▶ _Task input_
========================================

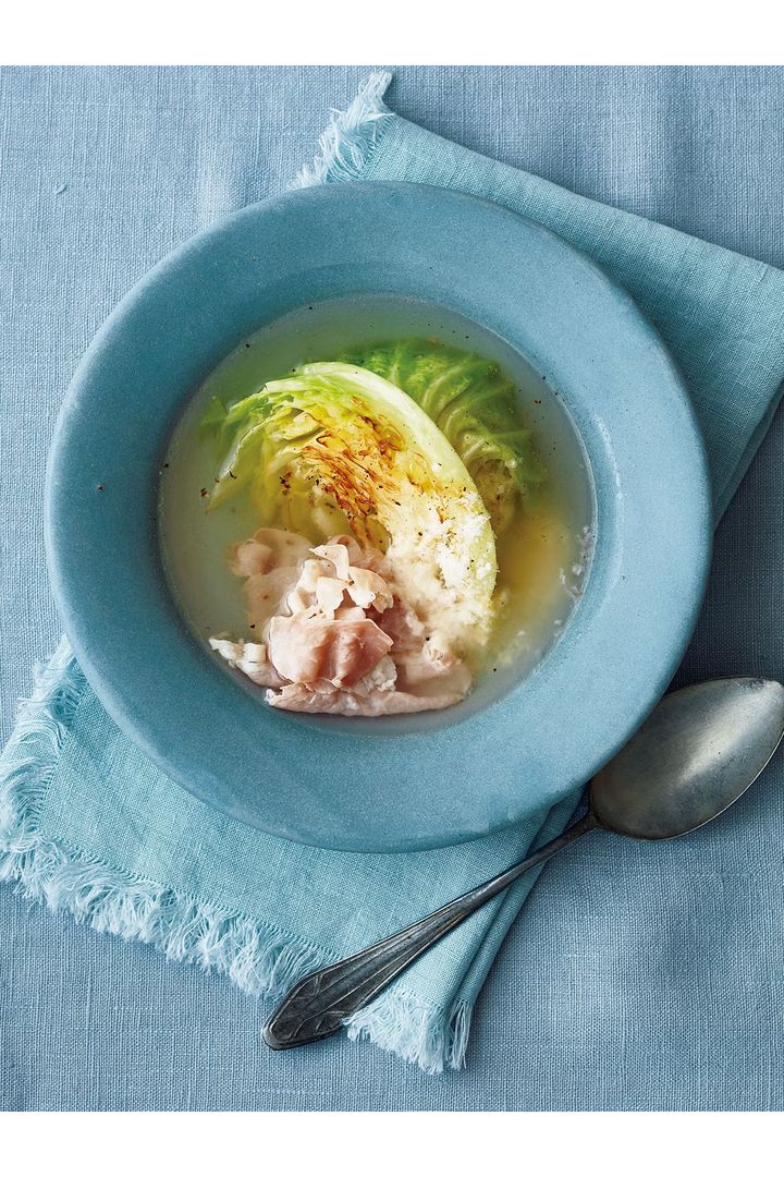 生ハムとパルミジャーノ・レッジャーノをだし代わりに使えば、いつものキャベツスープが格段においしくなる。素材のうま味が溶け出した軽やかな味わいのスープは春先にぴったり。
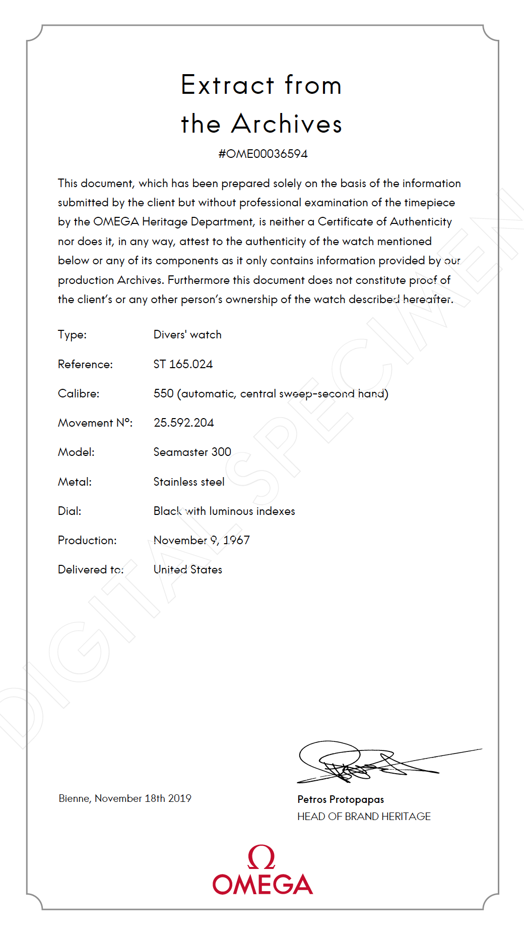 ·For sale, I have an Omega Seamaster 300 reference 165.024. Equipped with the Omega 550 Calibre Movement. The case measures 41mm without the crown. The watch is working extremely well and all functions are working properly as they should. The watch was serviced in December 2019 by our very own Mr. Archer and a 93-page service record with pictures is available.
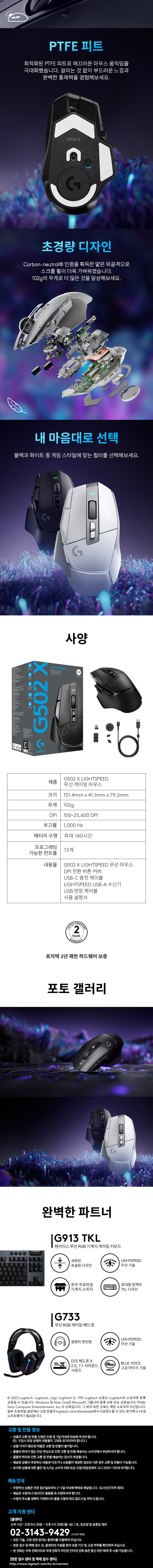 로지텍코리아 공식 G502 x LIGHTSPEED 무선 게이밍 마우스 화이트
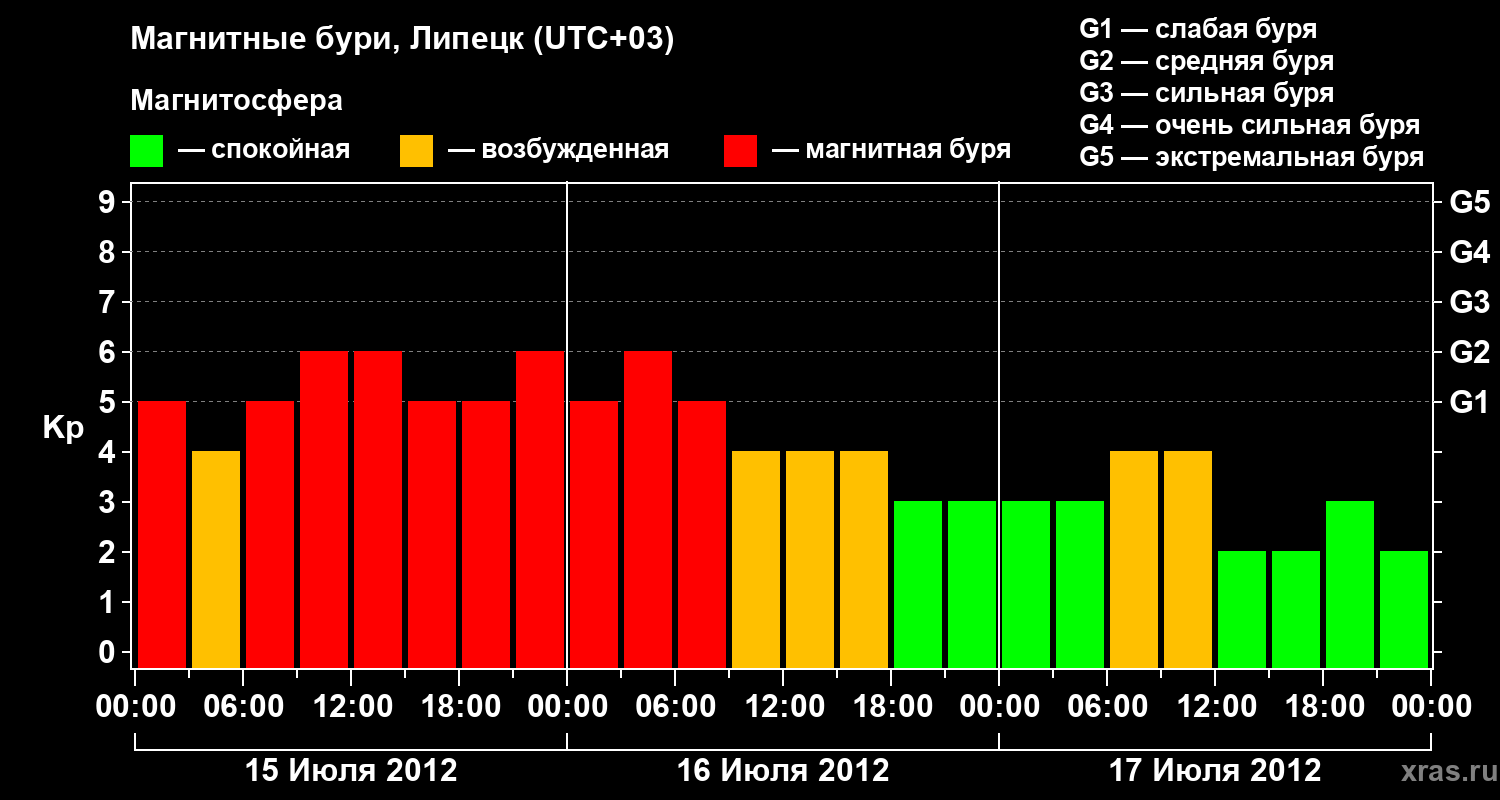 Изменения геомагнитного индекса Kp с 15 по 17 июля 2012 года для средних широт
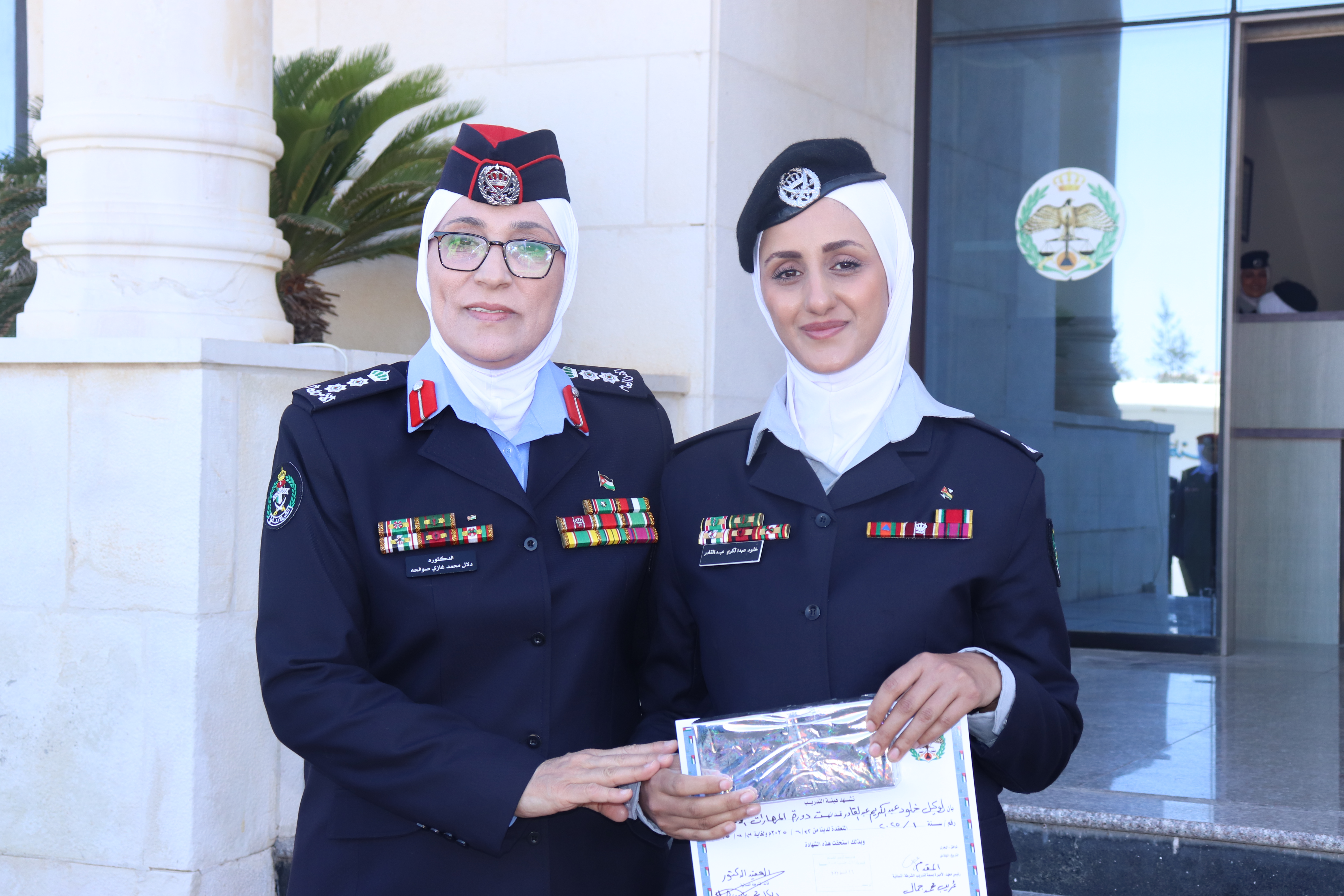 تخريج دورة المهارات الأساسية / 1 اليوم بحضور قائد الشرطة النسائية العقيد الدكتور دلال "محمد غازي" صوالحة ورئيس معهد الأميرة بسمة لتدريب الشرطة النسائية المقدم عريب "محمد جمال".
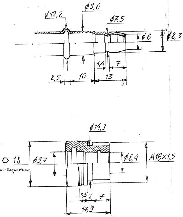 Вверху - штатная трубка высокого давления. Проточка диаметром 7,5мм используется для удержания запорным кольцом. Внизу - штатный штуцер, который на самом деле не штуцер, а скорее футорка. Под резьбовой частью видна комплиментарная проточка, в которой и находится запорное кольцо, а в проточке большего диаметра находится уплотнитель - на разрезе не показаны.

========================================

▶ _Your task_
Word for word, restate all of the material above except its pictures.

▶ _Task result_
 生ハムとパルミジャーノ・レッジャーノをだし代わりに使えば、いつものキャベツスープが格段においしくなる。素材のうま味が溶け出した軽やかな味わいのスープは春先にぴったり。
 ·For sale, I have an Omega Seamaster 300 reference 165.024. Equipped with the Omega 550 Calibre Movement. The case measures 41mm without the crown. The watch is working extremely well and all functions are working properly as they should. The watch was serviced in December 2019 by our very own Mr. Archer and a 93-page service record with pictures is available.
 로지텍코리아 공식 G502 x LIGHTSPEED 무선 게이밍 마우스 화이트
 Изменения геомагнитного индекса Kp с 15 по 17 июля 2012 года для средних широт
 تخريج دورة المهارات الأساسية / 1 اليوم بحضور قائد الشرطة النسائية العقيد الدكتور دلال "محمد غازي" صوالحة ورئيس معهد الأميرة بسمة لتدريب الشرطة النسائية المقدم عريب "محمد جمال".
 Вверху - штатная трубка высокого давления. Проточка диаметром 7,5мм используется для удержания запорным кольцом. Внизу - штатный штуцер, который на самом деле не штуцер, а скорее футорка. Под резьбовой частью видна комплиментарная проточка, в которой и находится запорное кольцо, а в проточке большего диаметра находится уплотнитель - на разрезе не показаны.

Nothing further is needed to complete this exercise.